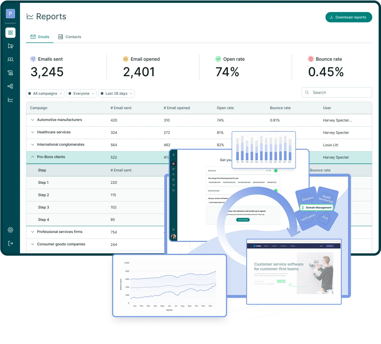 Our intelligent warm-up system gradually builds domain reputation while monitoring key deliverability metrics. Reach 3000+ daily emails per domain while maintaining peak inbox placement.
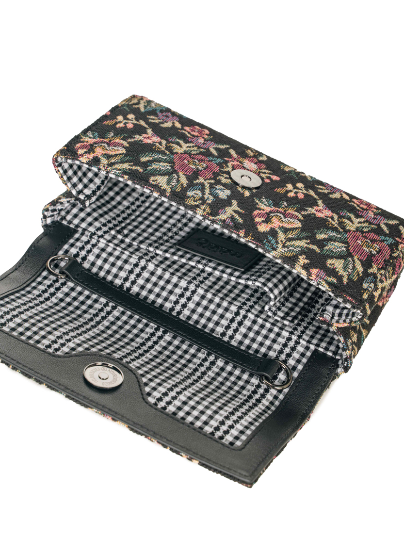 maia's经典之作“无声的焦点”再次锦绣回归!蕴含古色古香花朵图案的面料,其独特织造工艺形成的肌理,展现出迷人的古朴韵味。小巧的长方形造型,背带链条与牛皮拼接的简约设计,无论是手拿、拎提还是肩挎,皆令人爱不释手。亲爱的淑女们,让这款包包成为我们生活中那些充满美丽遐想、动人瞬间的“焦点”吧。
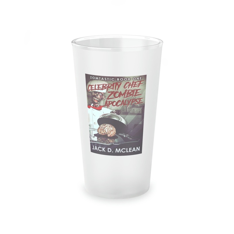 This frosted matte finish pint glass is versatile and dishwasher-safe. The cover art in this pint glass is from Jack D. McLean's book, Celebrity Chef Zombie Apocalypse.
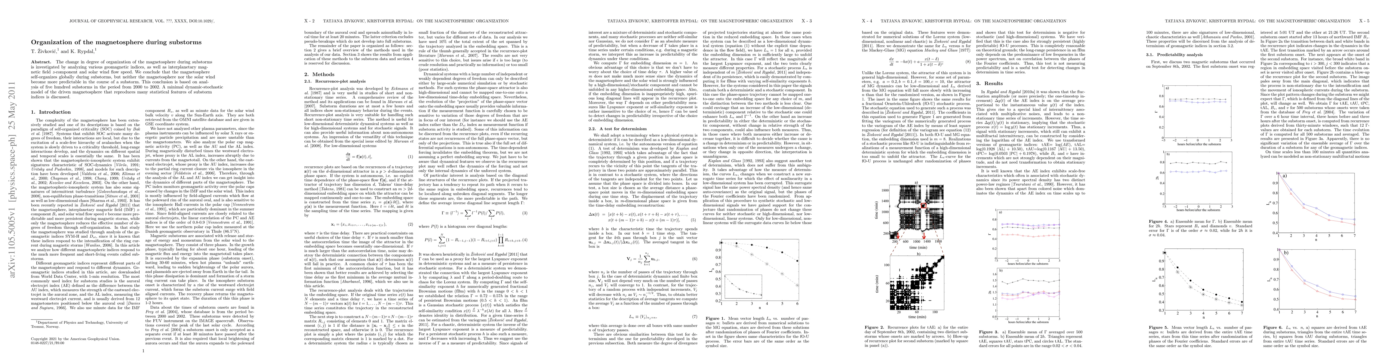 The change in degree of organization of the magnetosphere during substorms is investigated by analyzing various geomagnetic indices, as well as interplanetary magnetic field z-component and solar wind flow speed. We conclude that the magnetosphere self-organizes globally during substorms, but neither the magnetosphere nor the solar wind become more predictable in the course of a substorm. This conclusion is based on analysis of five hundred substorms in the period from 2000 to 2002. A minimal dynamic-stochastic model of the driven magnetosphere that reproduces many statistical features of substorm indices is discussed.
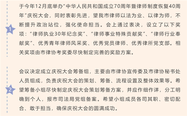 会上,市律师行业党委书记郑林向与会人员阐述了市律协拟举办庆祝“中华人民共和国成立70周年暨律师制度恢复40周年”系列活动的原因及意义,并传达了龙岩市司法局党组书记、局长余德辉同志的指示。余德辉局长强调,这么多年来,我市律师对龙岩的发展起到很大的积极作用,无论是维护社会稳定,服务经济发展,还是宪法宣传等都是不可或缺的。今年是中华人民共和国成立70周年暨律师制度恢复40周年,通过举办庆典晚会的方式向社会民众宣传社会主义法治和律师制度,增强我市律师的责任感、荣誉感、使命感,促进我市律师业的健康发展。
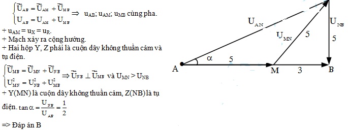 Biết uAB = 8 sin100 π t (V) và các điện áp hiệu dụng: UAM = UMN = 5 V; UNB = 4 V; UMB = 3 V. Mỗi hộp chỉ chứa một loại linh kiện trong số các linh kiện sau: điện trở thuần (R), tụ điện (C), cuộn cảm thuần (L) hoặc cuộn dây không thuần cảm (r; L). Độ lệch pha của uAN so với uAB là α, với tanα bằng
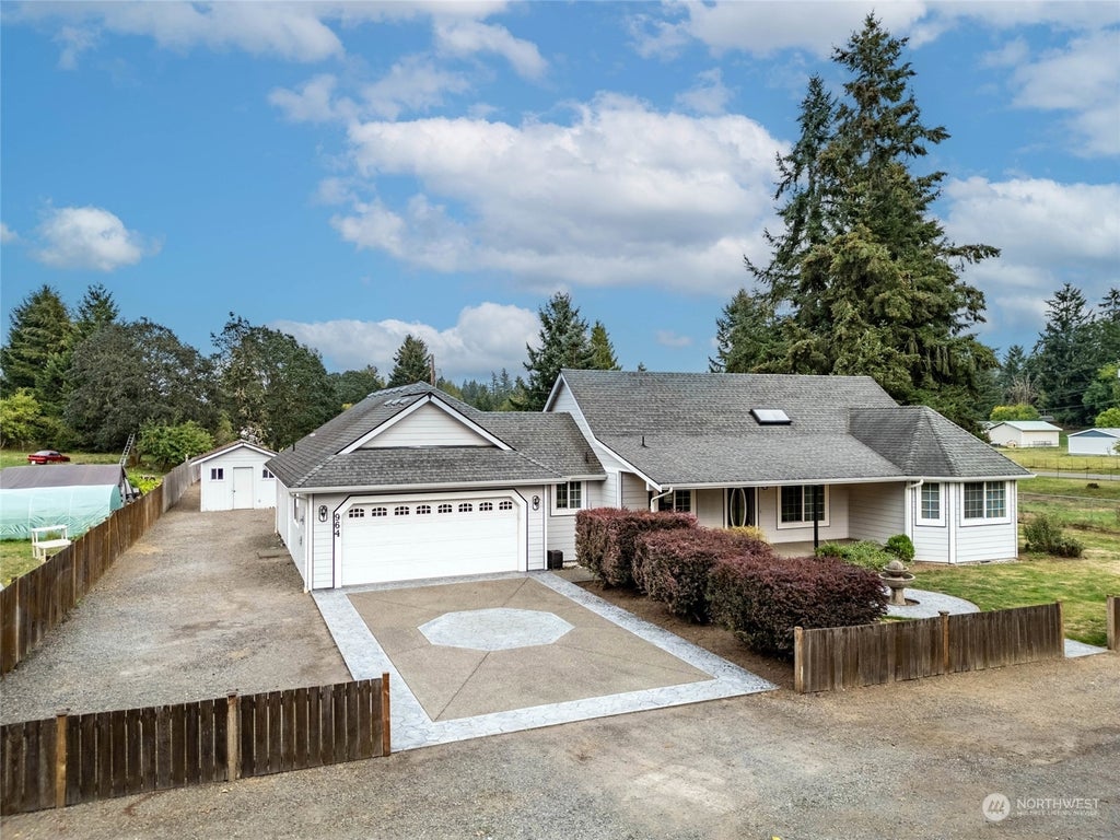 This beautifully maintained property sits on 1.07 acres of flat, useable land, offering an expansive and functional outdoor space with a fully fenced yard, large shed, RV parking, stamped concrete driveway and walkways, and covered patio and porch. This 1731 sf Rambler features 2 bedrooms plus an additional versatile room that can serve as a den or an extra bedroom, and 2.5 bathrooms. The primary suite is a true retreat, complete with a full bathroom and a generous walk-in closet. This home features a thoughtfully designed open floorplan enhanced by vaulted ceilings and natural light streaming through skylights and wood-wrapped windows. This charming home blends space, functionality, and comfort, making it a perfect place to call your own.

----------

_DESCRIPTION OF THE TASK_. Retype the whole listing exactly and leave the pictures out.

_RESULT OF THIS TASK_.
 Our intelligent warm-up system gradually builds domain reputation while monitoring key deliverability metrics. Reach 3000+ daily emails per domain while maintaining peak inbox placement.
 maia's经典之作“无声的焦点”再次锦绣回归!蕴含古色古香花朵图案的面料,其独特织造工艺形成的肌理,展现出迷人的古朴韵味。小巧的长方形造型,背带链条与牛皮拼接的简约设计,无论是手拿、拎提还是肩挎,皆令人爱不释手。亲爱的淑女们,让这款包包成为我们生活中那些充满美丽遐想、动人瞬间的“焦点”吧。
 This frosted matte finish pint glass is versatile and dishwasher-safe. The cover art in this pint glass is from Jack D. McLean's book, Celebrity Chef Zombie Apocalypse.
 The change in degree of organization of the magnetosphere during substorms is investigated by analyzing various geomagnetic indices, as well as interplanetary magnetic field z-component and solar wind flow speed. We conclude that the magnetosphere self-organizes globally during substorms, but neither the magnetosphere nor the solar wind become more predictable in the course of a substorm. This conclusion is based on analysis of five hundred substorms in the period from 2000 to 2002. A minimal dynamic-stochastic model of the driven magnetosphere that reproduces many statistical features of substorm indices is discussed.
 会上,市律师行业党委书记郑林向与会人员阐述了市律协拟举办庆祝“中华人民共和国成立70周年暨律师制度恢复40周年”系列活动的原因及意义,并传达了龙岩市司法局党组书记、局长余德辉同志的指示。余德辉局长强调,这么多年来,我市律师对龙岩的发展起到很大的积极作用,无论是维护社会稳定,服务经济发展,还是宪法宣传等都是不可或缺的。今年是中华人民共和国成立70周年暨律师制度恢复40周年,通过举办庆典晚会的方式向社会民众宣传社会主义法治和律师制度,增强我市律师的责任感、荣誉感、使命感,促进我市律师业的健康发展。
 Biết uAB = 8 sin100 π t (V) và các điện áp hiệu dụng: UAM = UMN = 5 V; UNB = 4 V; UMB = 3 V. Mỗi hộp chỉ chứa một loại linh kiện trong số các linh kiện sau: điện trở thuần (R), tụ điện (C), cuộn cảm thuần (L) hoặc cuộn dây không thuần cảm (r; L). Độ lệch pha của uAN so với uAB là α, với tanα bằng
 This beautifully maintained property sits on 1.07 acres of flat, useable land, offering an expansive and functional outdoor space with a fully fenced yard, large shed, RV parking, stamped concrete driveway and walkways, and covered patio and porch. This 1731 sf Rambler features 2 bedrooms plus an additional versatile room that can serve as a den or an extra bedroom, and 2.5 bathrooms. The primary suite is a true retreat, complete with a full bathroom and a generous walk-in closet. This home features a thoughtfully designed open floorplan enhanced by vaulted ceilings and natural light streaming through skylights and wood-wrapped windows. This charming home blends space, functionality, and comfort, making it a perfect place to call your own.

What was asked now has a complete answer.